More

MilkMp · 2026-02-23T14:54:48 1771858488

Hi there, yes I used AI to help build this website. I personally don’t have the time nor the talent to build something like this from scratch! I do have knowledge in how historical and crime data are suppose to parsed,viewed, analyzed, and presented to the world :) If someone would like to take this work and improve it, please do!

MilkMp · 2026-02-23T06:59:48 1771829988

Was originally just supposed to be a data archive/download place for the parsed data.Thought a website could help! Will look into the standards

dbg31415 · 2026-02-23T07:18:59 1771831139

Accessibility matters.

In 2026, tools like WAVE, Lighthouse, and a real screen reader should be part of any website design process. They catch issues early. A stitch in time saves nine.

I know you may not be a designer. That’s fine. Starting with a solid, off-the-shelf CSS framework can get you much closer to Web Content Accessibility Guidelines (WCAG) compliance from day one. It sets a baseline so you’re not reinventing solved problems.

Building from scratch is absolutely valid. It’s cool, even. But right now it reads less like an intentional design choice and more like missing fundamentals.

I’m not trying to be a dick, the project has potential! A few design improvements would make it usable for a lot more people.

Cheers!

MilkMp · 2026-02-23T07:31:51 1771831911

Thanks! I am definitely not a front-end web designer lol, and I for sure don't want to limit people's access. I will look into the standards and see how best to implement them into the website :)

MilkMp · 2026-02-23T06:57:02 1771829822

Thanks! Will look into it

wossab · 2026-02-23T06:59:39 1771829979

Yeah. Please don't. This is such a breath of fresh air. Dense data should be presented like a book, not a pamphlet-like hyperlinked website.

freakynit · 2026-02-23T07:01:45 1771830105

I agree. I love the current design. Personally, it seems to be just perfect.

MilkMp · 2026-02-23T05:29:02 1771824542

Hey there, yeah, definitely. I maintain .txt change logs for all data modifications.
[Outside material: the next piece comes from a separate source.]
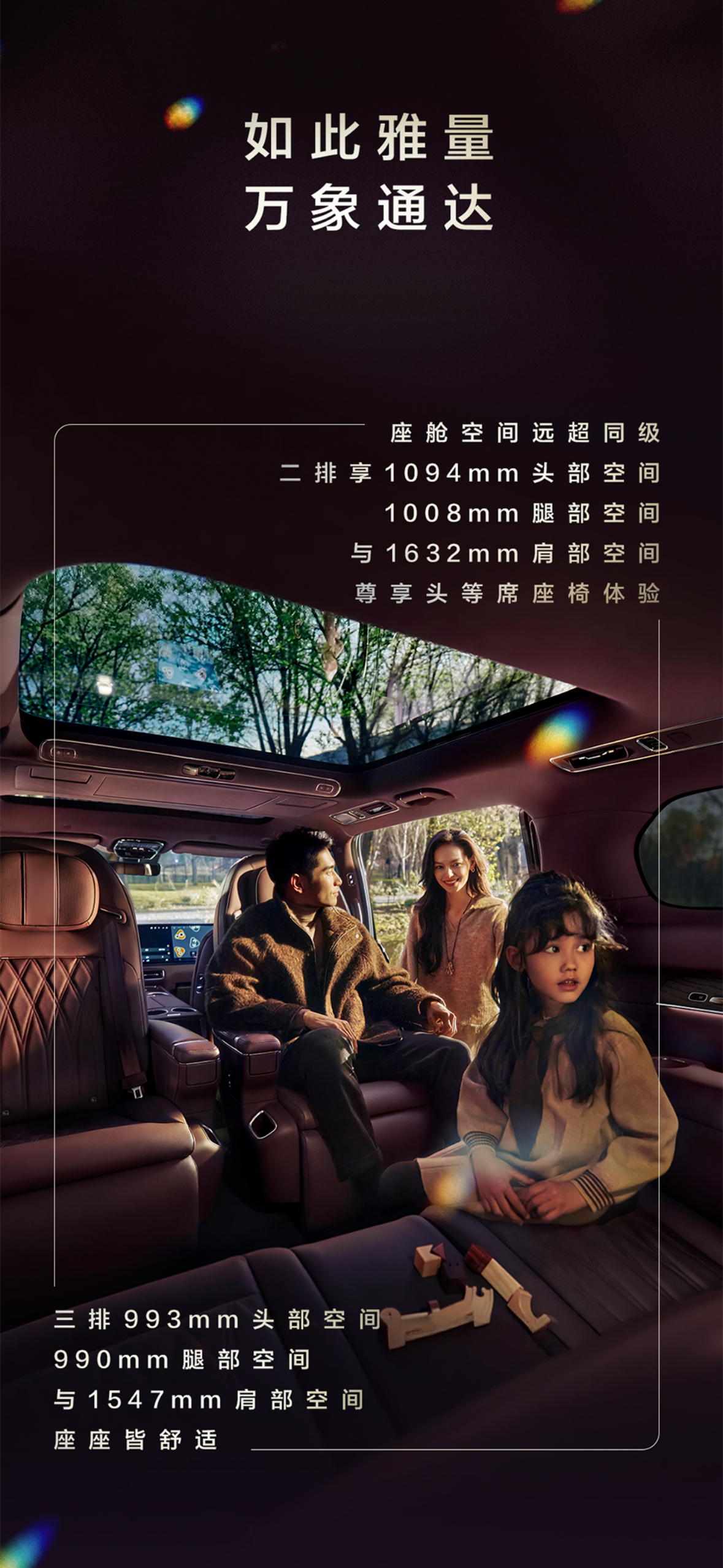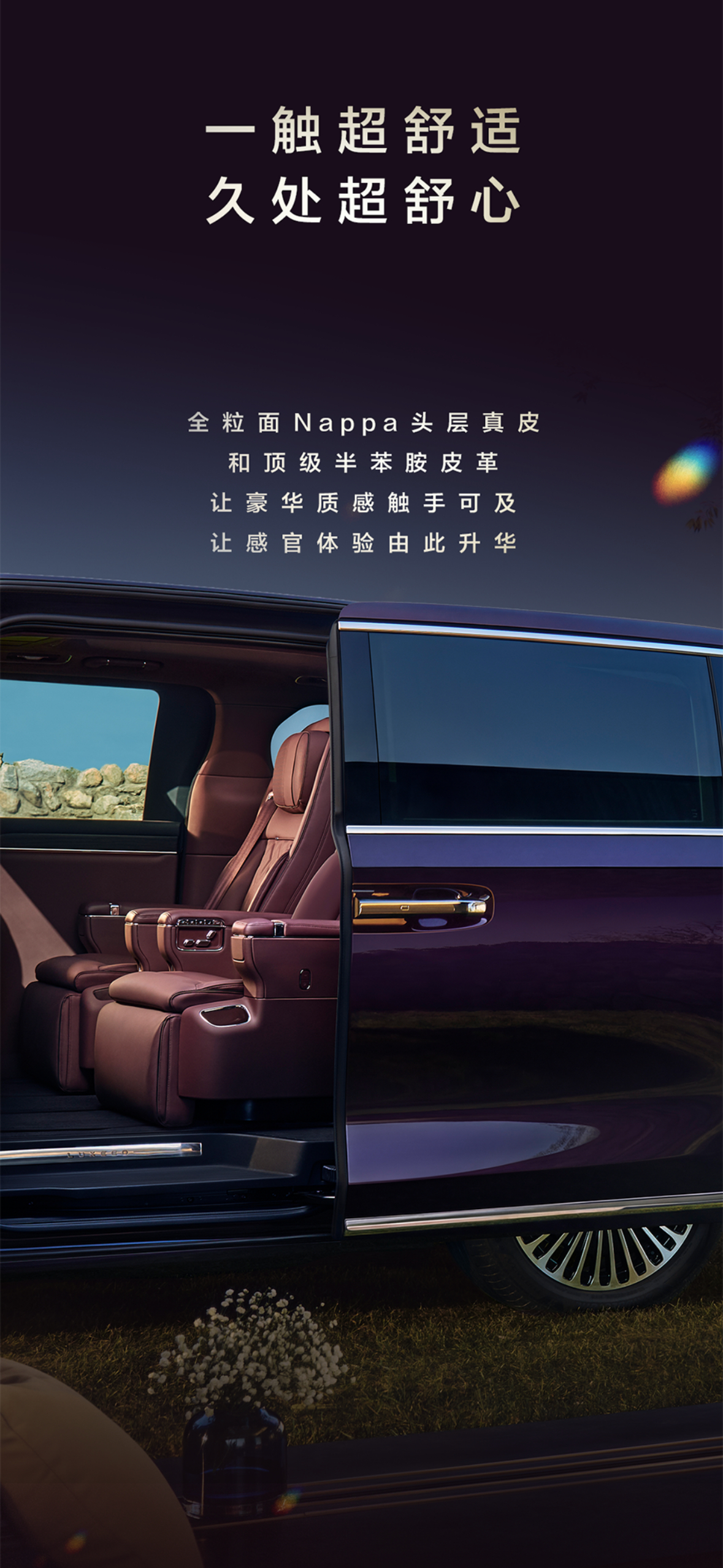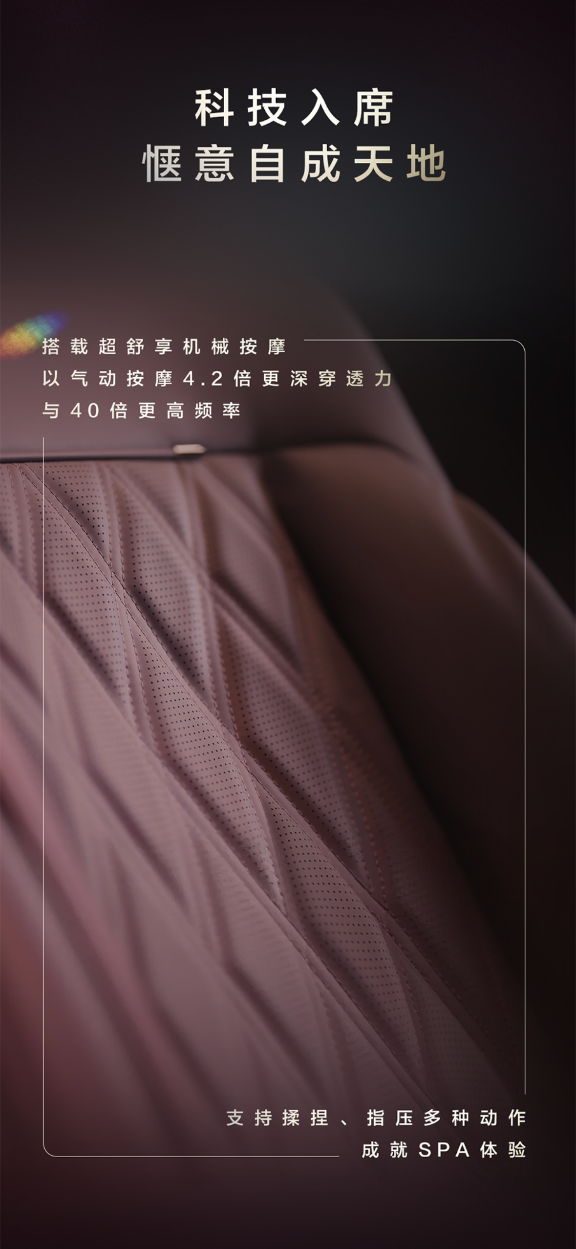 飞机高铁汽车哪个座椅最舒服 智界V9的座椅舒适度,足以对标甚至超越百万级豪华车型。全车座椅甄选全粒面Nappa头层真皮,二排扶手采用顶级半苯胺材质,搭配Surflex+Hysoft双层填充工艺,二排座椅靠背15层结构、厚度119mm,坐垫厚度达154mm,软硬度恰到好处,兼顾沙发般的陷入感与稳定支撑性,重新定义了MPV舒适标准,堪称移动的豪华大沙发!智界V9官宣搭载机械按摩

To be clear, no information is added or altered — the Factbook content is exactly what the CIA published. The parsing process structures the raw text into fields (removing formatting artifacts, sectioning headers, and deduplicating noise lines), but the actual data values are untouched. What I've added on top are lookup tables that map the CIA's FIPS 10-4 codes to ISO Alpha-2/3 and a unified MasterCountryID, so the different code systems can be joined and queried together.

I will add them to the github :)

freakynit · 2026-02-23T06:49:13 1771829353

Awesome. Thanks so much..

MilkMp · 2026-02-23T05:16:51 1771823811

Will check out! Thank you!

MilkMp · 2026-02-23T05:14:23 1771823663

Hi there, thanks for linking this! My GitHub and website both link to and use this source! I just thought putting it in a SQL database and making the entire 1990-2025 queryable was needed since I couldn't find one anywhere :)

genewitch · 2026-02-23T06:18:51 1771827531

it is a lot of fun and rewarding to do this! I've done it several times for medium-sized datasets, like wikipedia dumps, the entire geospatial dataset to mapreduce it (pgsql). The wikipedia one was great, i had it set up to query things like "show me all ammunition manufactured after 1950 that is between .30 and .40" and it could just return it nearly instantly. The wikimedia dumps keep the infoboxes and relations intact, so you can do queries like this easily.

3eb7988a1663 · 2026-02-23T06:54:12 1771829652

Do you have a write-up of this somewhere? When I last looked at the Wikipedia dumps, they looked like a mess to parse. How were you getting structured information?

iamacyborg · 2026-02-24T08:51:27 1771923087

You'd presumably have to run some part of the transclusion pipeline to properly handle template/module/page transclusion.

genewitch · 2026-02-24T05:15:57 1771910157

unfortunately, i consider it proprietary.

MilkMp · 2026-02-23T05:13:16 1771823596

Hi there! If you have anything you want added to the site, just let me know :) I can definitely try.

MilkMp · 2026-02-23T05:10:32 1771823432

Ohh that is a great idea! And since we already have the political field in SQL!. I will start working on some of this and update the website this week. Thank you for the awesome suggestions!

MilkMp · 2026-02-23T05:03:06 1771822986

Thanks so much!

MilkMp · 2026-02-23T05:00:29 1771822829

Found the problem, the total regex doesn't handle magnitude suffixes:

2018: total: 17,856,024 → parses as 17856024 (correct raw count) 2020: total: 18.17 million → parses as 18.17 (WRONG - drops "million") 2025: total: 39.3 million → parses as 39.3 (WRONG) So the chart jumps from ~18 million down to ~18, making it wrong. The fix is to handle "million/billion/trillion" after total.

Just deployed a new bug fix.

Thanks for bringing this to my attention!